The Corporation of Colchester include in their Borough plate a silver oyster used as a standard of measurement for Colne oysters.

In gauging casks the following rods or rules are used :— A graduated head rod, for ascertaining the head diameter of the cask. This gauge serves also as a sliding rule for calculating the quantity of liquid in the cask.

A bung rod and dipping rod, for finding the bung diameter and diagonal of the cask.

Long callipers, used for finding the internal length of a cask from head to head. Short or cross callipers, for finding the external diameter of a cask. Stave gauge, for finding the thickness of the stave of a cask.

Measurements are generally made in feet and inches, rules for gauging casks are, as is well known, laid down in works on mensuration, &c.; for revenue purposes, excise officers are largely guided by rules given in the "Excise Officers' Manual."

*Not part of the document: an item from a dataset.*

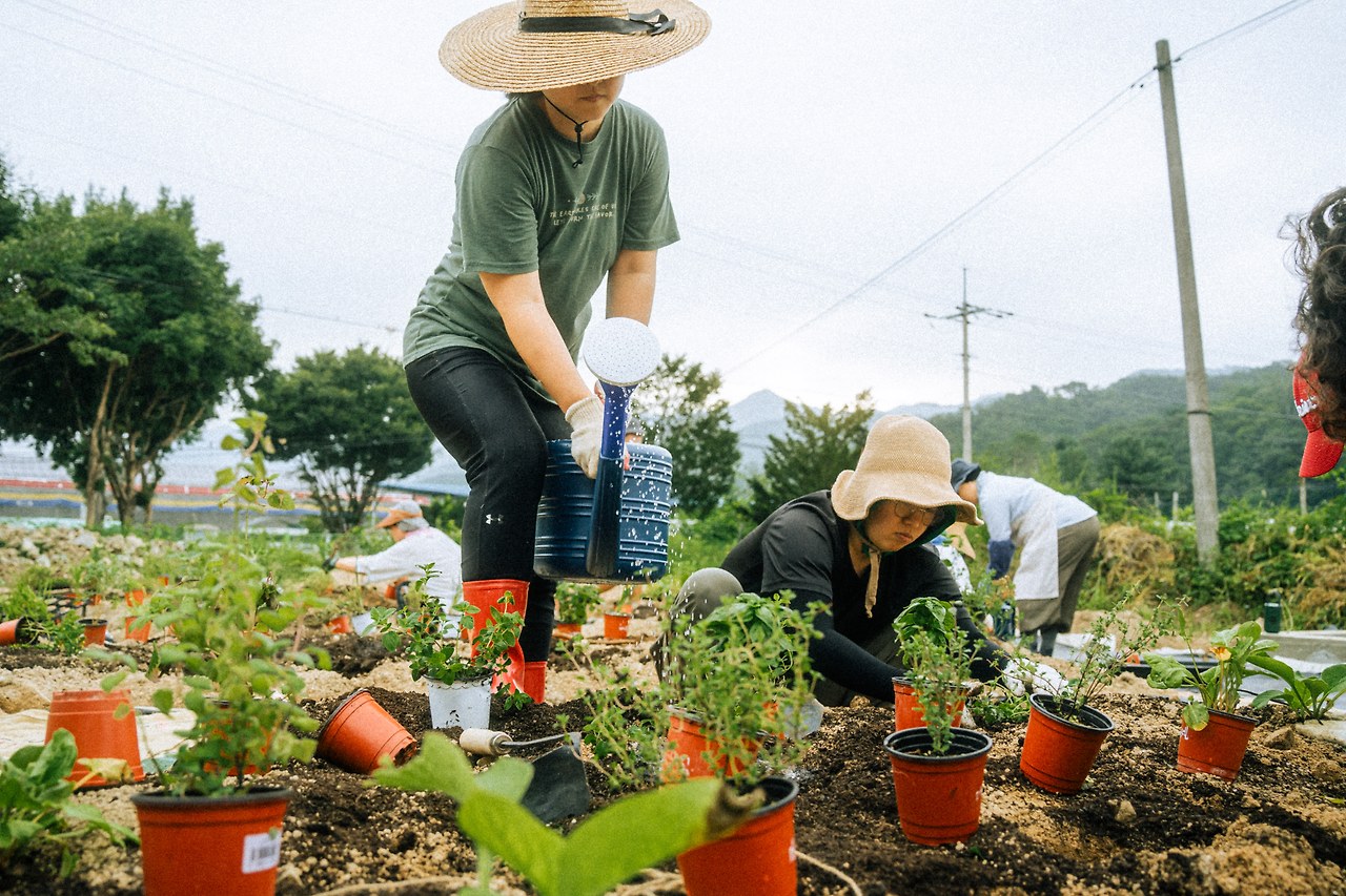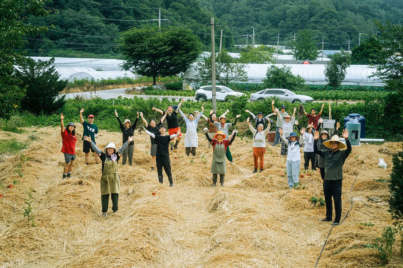 식재가 끝난 후에는 볏짚을 덮어준다. 논에 둥글게 말려있는 마시멜로우 모양의 흰 덩어리의 정체가 볏짚더미라는 것을 이 날 알게 되었다. 실제 명칭이 따로 있지만 다들 마시멜로우라고 부른다. 굴려서 위치를 잡는데, 무게가 상당하다. 성인 3명 정도 붙어서 굴려야 했다. 볏짚더미를 풀어헤치니 무언가 발효된 듯한 냄새가 났다. 볏짚에 발효균이 있어서 된장이나 술을 담글 때도 볏짚을 활용한다고 하는데, 태양볕아래 잘 말아놓은 마시멜로우 안에서도 발효가 일어나나 보다. 이 냄새 때문인지 볏짚을 온 밭에 다 깔 때쯤 되니 약간 어질어질한 느낌이 들었다.

The contents of beer casks are sometimes determined by weight.

The late Sir J. Lubbock, F.R.S., in a paper on "CaskGauging," which was reprinted in 1834 by Charles Knight from the "London and Edinburgh Philosophical Magazine,” states that Kepler was the first to endeavour to reduce the art of "gauging" to accurate principles in his work entitled "Nova Stereometria Doliorum Vinariorum. 1615."

In gauging timber quantities are usually ineasured and expressed in cubic feet run.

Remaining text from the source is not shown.